9. The mountainous light storage power station infrastructure construction method based on full-cycle digital twin collaboration of claim 1, characterized in that, Step S3 involves constructing a full-cycle digital twin model, including the following steps: Full-element digital twin modeling of photovoltaic-storage power stations, including: Import the project's BIM design data into a Unity3D engine-based modeling environment; The construction perception data is integrated into the modeling environment in real time to achieve real-time association between the construction perception data and the digital twin model; The equipment ledger information is associated with the modeling environment via a database connection; The construction process simulation algorithm is embedded into the modeling environment to simulate the construction process of each process; The development of a multi-party collaborative management and control module includes: The design interface is developed, allowing designers to connect to the full-cycle digital twin model through the design software and upload and update BIM drawings. Develop a construction-side interface, allowing the construction party to connect to the full-cycle digital twin model via construction-side software, and upload and update construction data. Develop a supervision terminal interface, allowing the supervision party to connect to the full-cycle digital twin model through the supervision terminal software, and conduct comprehensive supervision and management of the construction process; Develop an interface for the owner, allowing the owner to connect to the full-cycle digital twin model through the owner's software and gain a comprehensive understanding of the project's progress.
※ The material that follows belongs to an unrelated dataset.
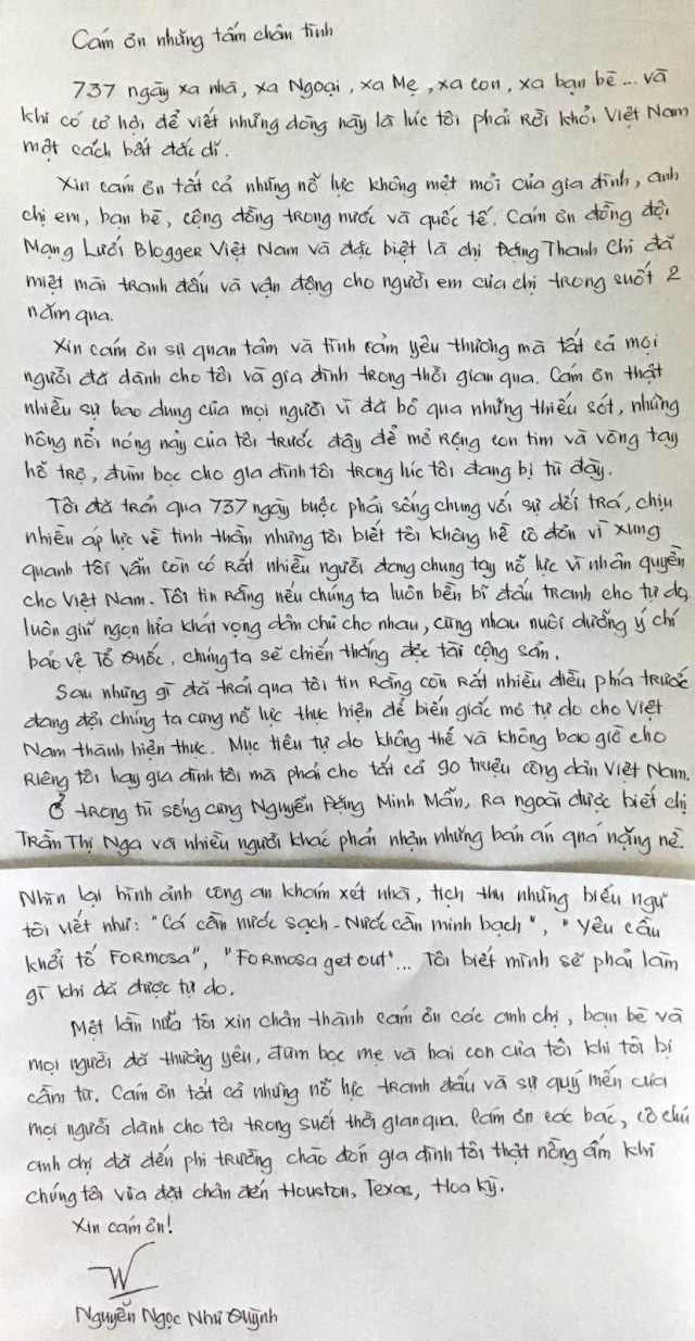 Một lần nữa tôi xin chân thành cám ơn các anh chị, bạn bè và mọi người đã thương yêu đùm bọc mẹ và hai con của tôi khi tôi bị cầm tù. Cám ơn tất cả những nỗ lực tranh đấu và sự quý mến của mọi người dành cho tôi trong suốt thời gian qua. Cám ơn các bác, cô chú, anh chị đã đến phi trường chào đón gia đình tôi thật nồng ấm khi chúng tôi vừa đặt chân đến Houston, Texas, Hoa Kỳ.

10. The mountainous light storage power station infrastructure construction method based on full-cycle digital twin collaboration according to claim 1 or 9, characterized in that, In step S4, the adjustments to the construction plan include: During the construction preparation phase, the following operations shall be performed: The construction process under different construction schemes is simulated using the full-cycle digital twin model. In response to potential problems and risks identified during the simulation, the construction plan was adjusted in a timely manner. The construction personnel are trained using the full-cycle digital twin model to familiarize themselves with the construction process and key operational points. During the construction phase, the following operations shall be performed: The simulation data of the full-cycle digital twin model is compared with the actual construction data in real time to accurately monitor the construction process; For any discrepancies found in the comparison results, send a notification to the construction personnel containing detailed information about the discrepancies, rectification suggestions, and rectification deadlines; By analyzing the quality data collected in real time, and combining it with historical data and quality standards, we can predict potential construction quality risks and issue early warning signals to notify construction personnel and managers to take corresponding preventive measures. During the construction acceptance phase, perform the following operations: Based on preset acceptance standards and quality specifications, the data in the full-cycle digital twin model is automatically analyzed and evaluated to generate an acceptance report; By using the historical data backtracking function of the full-cycle digital twin model, key events, quality issues and their handling during the construction process can be reviewed, and lessons learned can be summarized.